Unity stood as two distinct pieces, lit from shop flood lights and shielded from dust by plastic sheets. They were about to box it up and send it to California, where they would install it days later.

“I basically got this huge opportunity to place it in this home,” Fields said at the time, “so I invested all my money to go for it.”

Once assembled, Unity was designed to rotate and intertwine but never touch. But putting them together wasn’t going to be as simple as pushing them closer.

“Right now, there’s no way to bring them together linearly,” Fields said.

Fields designed the sculpture digitally but then had to hire out the fabrication of it. Eventually, he would like to make it out of stainless steel, but with this first piece he didn’t have time or money to produce it that way.

Initially, he planned to paint it with a chrome finish, which is how he found Watson.

Watson made a career out of chroming cars and Marvel character statues in Southern California, but then a couple years ago grew weary of the lifestyle.

When Fields first contacted him, Watson explained that he was no longer in Los Angeles, but rather “in the middle of nowhere.”

It turned out that the middle of nowhere was only about an hour from Spokane in Spirit Lake.

“He’s proved to be one of the best painters in the United States,” Fields said. “He’s taken on all my sorrow through this project and imbibed it to where he didn’t eat and sleep, and I didn’t eat and sleep, and this became as important to him as it was to me.

When Watson moved to Idaho, his reputation – and work – mostly followed him. But, he said, he missed elements of his previous lifestyle.

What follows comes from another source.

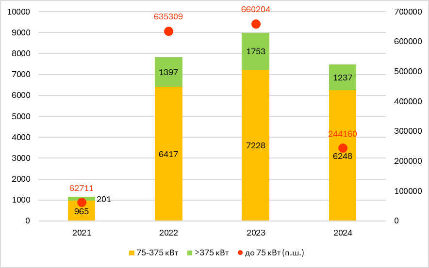 Найпопулярнішим рішенням підприємств для енергетичного унезалежнення є генератори (74%). Значна частка компаній (41%) встановлюють акумулятори, а також велика частина бізнесів упроваджують енергоощадні рішення. У 2022-2023 роках до України завезли сотні тисяч генераторів, переважно невеликої потужності (рис. 1).

“There was a big chunk missing,” Watson said, “which was the camaraderie I get from working with an artist like Mike. Sure, work shows up in the mail, and I’m keeping the lights on, but that creative bond you get working with an artist, the struggle, all these hurdles you need to cross to achieve the goal, I missed that a lot.”

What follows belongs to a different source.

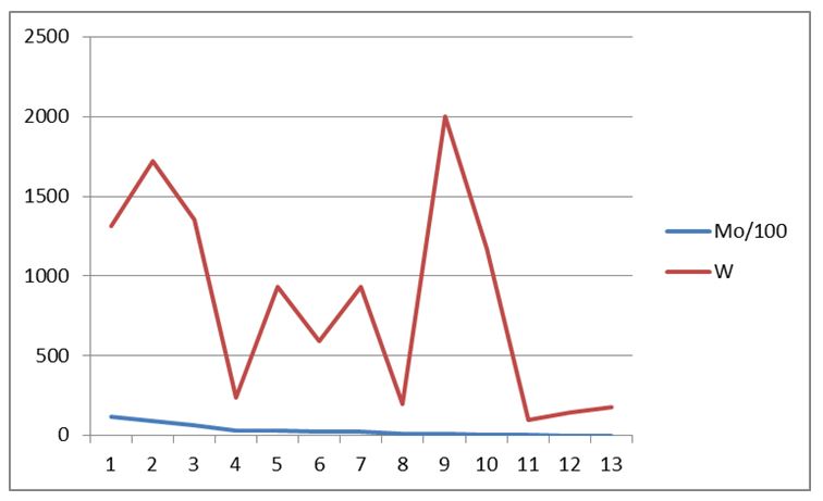 Figure 9: W and Mo/100 values (LHS in ppm)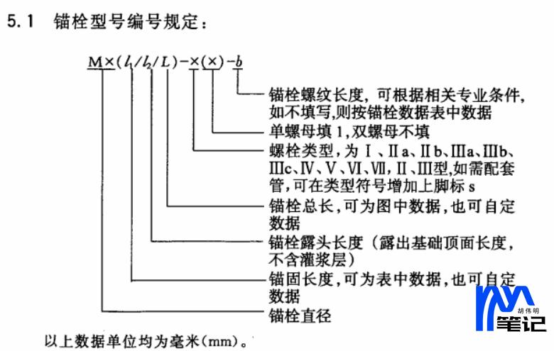 标准:HG/T 21545-2006 《地脚螺栓(锚栓)通用图》 胡伟明笔记 , 版权所有丨如未注明 , 均为原创丨本网站采用BY-NC-SA协议进行授权 转载请注明原文链接:地脚螺栓标记方法 喜欢 (0)

And then came Fields, seemingly out of nowhere himself.

The installation in California proved to be another adventure.

As it ended up, chroming the sculpture didn’t work out – Fields said he couldn’t quite get it “100 percent” – so they settled on white. Upon close inspection, it is all but impossible to tell that each part of the sculpture is actually multiple pieces reassembled.

To reach the hilltop mansion, the semi-truck carrying the statue winded up a road with S turns and barely more than a lane of width in spots, Fields said.

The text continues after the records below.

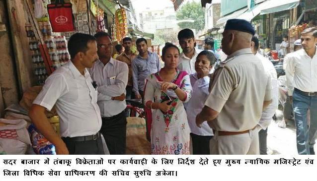 गुरुग्राम 03 जून। हरियाणा राज्य विधिक सेवा प्राधिकरण की और से जिला विधिक सेवा प्राधिकरण, संबध हैल्थ फाउंडेशन, फोर्टिस फाउंडेशन, हरियाणा पुलिस, स्वास्थ्य विभाग, बार एसेासियेशन, जिला प्रशासन, पैनल एडवोकेट की और से 31 मई विश्व तंबाकू निषेध से 5 जून 2017 विश्व पर्यावरण दिवस तक चलाए जा रहे “परिवर्तन एक नई शुरुआत” अभियान में सार्वजनिक स्थानेां पर तंबाकू सेवन व बेचने वालों पर कार्यवाही की जा रही है। इसी के तहत शनिवार को सदर बाजार में तंबाकू बेचने वालों पर जब कार्यवाही की गई तो तंबाकू विक्रेताओं में हड़कंप सा मच गया और वे अपनी दुकानों को बंद कर भाग गए।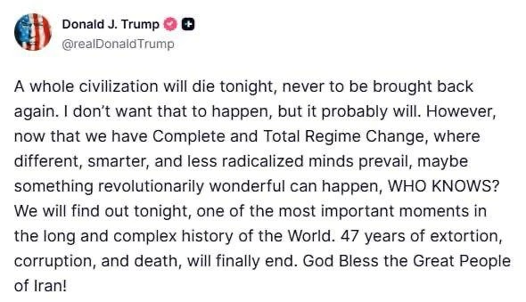 "Ночью Иран погибнет. Не станет целой цивилизации, её не вернут обратно", — анонсировал Трамп в своих соцсетях.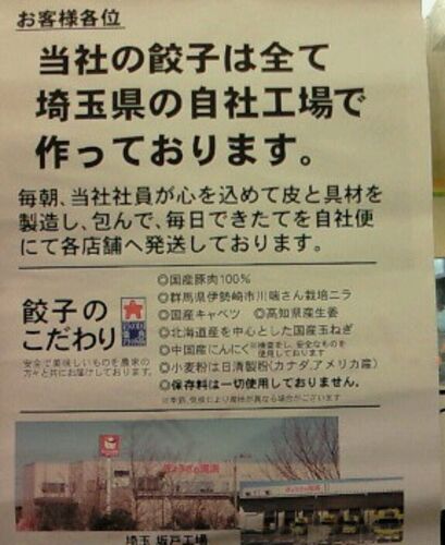 今日は激しく疲れていたこともあり、駅前にある唯一の某餃子屋さんへw 入るのに多少勇気がいりましたが、店の入口にこんな貼り紙が… お店も必死なんでしょうね(・∀・;) とりあえずラーメンと餃子のセットを注文し、待ってる間店舗情報とか載ってる紙があっ…

“The driver had also driven nuclear material,” Fields said. “He got it up there and said, ‘Please never call me again.’ ”

The two elements barely fit. But once they were inside the foyer, “all my biggest fears,” Fields said, “none of them came true.”

The two statues are designed to rotate on a shared pedestal but never quite touch, and from no two angles does it appear the same. There are no straight lines, no flat curves: Every curve actually changes over the distance of the piece. There is no repetition.

Fields still had to wait, however, before he could mention it on his website –, where it can be seen now – or to potential clients because the property hadn’t yet been put on the market. Then the pandemic set in, further delaying its reveal, and Fields went on unemployment just to pay his bills.

Finally, in late summer, the house went public. Since, he has contacted at least 100 architects, he said, and a handful are seriously interested in helping make more of his contemporary ideas into reality.

“I’m trying to find a way to launch Swan,” he said. “It’s got certain qualities to it that if I can make it super precise. If people see it in person, it’ll be unlike anything they’ve ever seen before.”